Everything is exotic in the Amazon rainforest: the hues of the jungle, the taste of the air, the muddiness of the river, the vibration of the sounds, even the constellations carved in the sky. The elusive presence of primitive tribes cozing with the spirits that reside in each star, plant, or animal frames an alien reality that befriends – or, often, intimidates – the visitor. Undoubtedly, there is an all-powerful shamanic energy in the area.
We decided to spend a few days in the jungle while visiting Peru last summer. We crouched behind trees, paddled quietly on the tributaries, tip-toed along leaf-covered footpaths, and held our breath while waiting for the forest to reveal some of its secrets. To my dismay, anacondas preferred to linger in their clammy depths, piranhas scorned the crumbs of peace we generously offered, and the colorful tribes religiously protected the mystery of their identity remaining hidden in the uncharted parts of the jungle. Still, we had our fair share of exotic encounters, some deceptively small, others flamboyant and vibrant.
The Bullet Ants
The venom of this tiny creature is so strong that victims compare the pain of its sting to being hit by a bullet – hence its name. Notorious for its unique superpower, the insect is also widely known as the “24-hour ant” because the effects of its poison last for a full day and, in general, bears numerous other names in local dialects, Spanish, or Portuguese. I was lucky to keep my acquaintance brief and safely distant – approaching a colony just enough to take a quick photo in the darkness of the night.
The Leaf-Cutter Ants
They exist for 60 million years and are considered to be the first farmers on the planet. Their nests are built at a depth of 6-8 meters with a width of an average of 50-60m, and the size and complexity of their society compare only to that of the humans. At the center of their nests, they construct big circular farming areas where they cultivate fungus to use for their nutrition. This fungus is fed with leaves, grass, and flowers brought from the surface. Amazingly enough, it takes just 24 hours for these ants to defoliate a full tree – and considering the size of the trees in the rainforest, this is no small feat.
The Walking Tree
Unbelievable as it sounds, it seems to be true: some trees do walk, though obviously not very fast! The particular kind stands on stilt roots which, depending on the needs of the plant, grow in new directions (while old parts of the root decay), thus allowing the tree to shift weight and move over time, securing the needed sunlight from above and nutrition from the ground. Who knew that Ents were not entirely fictional after all!

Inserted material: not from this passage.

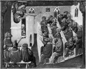 4. A fourteenth-century manuscript illumination of a master lecturing his students
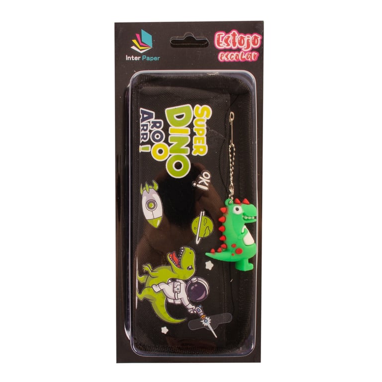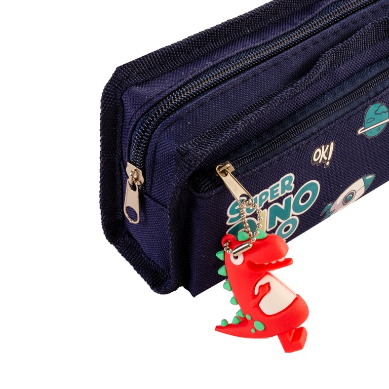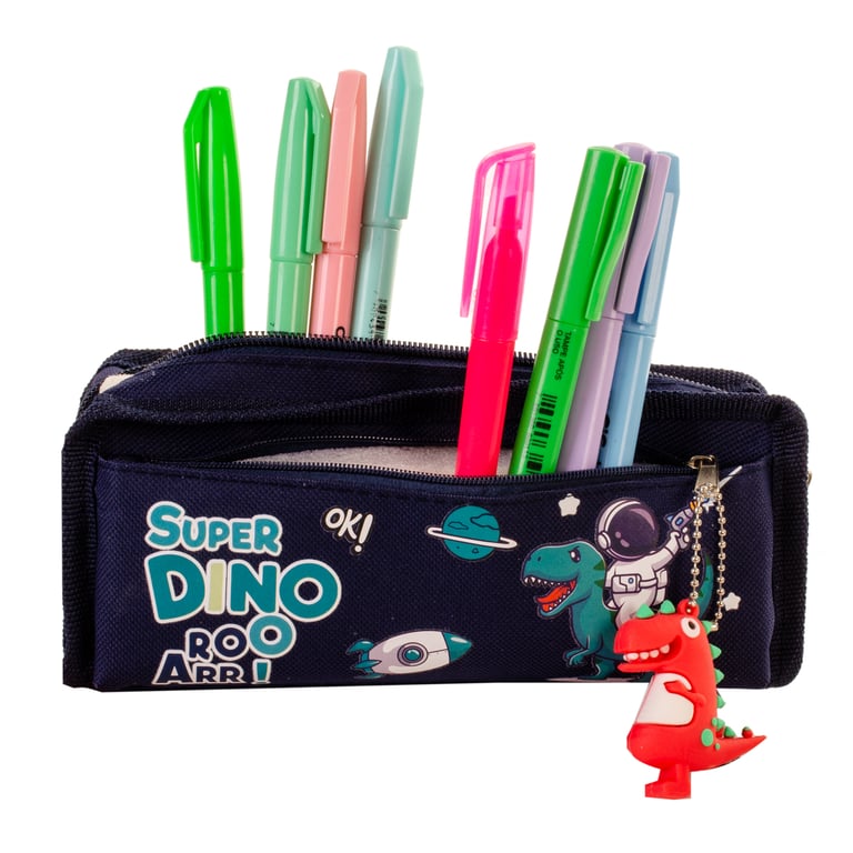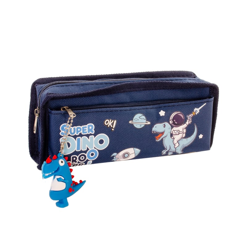 ESTOJO INFANTIL 8,5X21X6 CM 2 ZÍPER DINOSSAURO ASTRONAUTA COM CHAVEIRO

Every floating piece of wood looked like a lurking caiman, ready to attack. We spent hours on the river, eyes stretched wide, searching for mysterious wildlife, discarding, again and again, the random branches that were gliding slyly next to our boat. In the end, we were rewarded with several caiman toddlers basking under the sun, and a rare dwarf caiman which, though being the largest alligator we saw on this expedition, is still quite smaller than the normal-size caimans that live in the area.
Officially called “Hoatzin,” this bird with the blue face and the spiky crest comes with a lot of surprises. When young, it resembles a dragon: with its claws at the front digits of its wings, it climbs its way on the trees rather than flying. As it grows, its more widely-known nickname comes from the foul odour that emanates during the digestive process of its food. I was too far away to experience this first-hand, but I preferred to trust the testimony of our guide.
The Red Howling Monkeys
A daunting moan of unknown origin, unnaturally long and tenacious, traveling like a sonic snake among the tree trunks, shattered the serenity of the night. It occasionally seemed to wane as if moving away, only to return even more thundering and intimidating. It felt as if the pits of hell had opened, and the souls of the damned were taking over the surface of the earth. For a few moments, we remained frozen in our beds, eyes searching the darkness nervously, expecting something big and horrible to land from the jungle directly into our rooms. At breakfast, we were informed that it was just the red howling monkeys passing by our lodge.
Traffic was minimal at our birdwatching spot: a toucan; an orange-cheeked parrot; a yellow-crowned parrot. We sat for about 90 minutes as silently as a group of people who are getting bored but, still, are trying to respect the moment, can be. The first macaw appeared the minute we had lost hope and were about to leave. It lightly rested on the tallest branch of the furthest tree on one side of the river bank, imperceptibly signaling to the rest of his species. A second macaw appeared on the other side, remaining as remote as the first one. A couple more flew in, hesitantly scouting the area, before settling on another branch, just a tiny bit lower, closer to the ground.
Gradually, more and more appeared, summing up to a flock of considerable size: they lazed on branches or initiated vivid gossipy interactions, occasionally flying from one side of the river to the other, getting, with every move, closer to the ground. Finally, they all encircled a barren piece of land that was sloping over the river, rested briefly there – just enough to extract from the earth a mineral that is vital for the proper absorption of their food – and then flew off in a sudden, massive wave. Even though the target of this daily practice lasted only a few minutes, the whole routine took more than 1.5 hours to complete.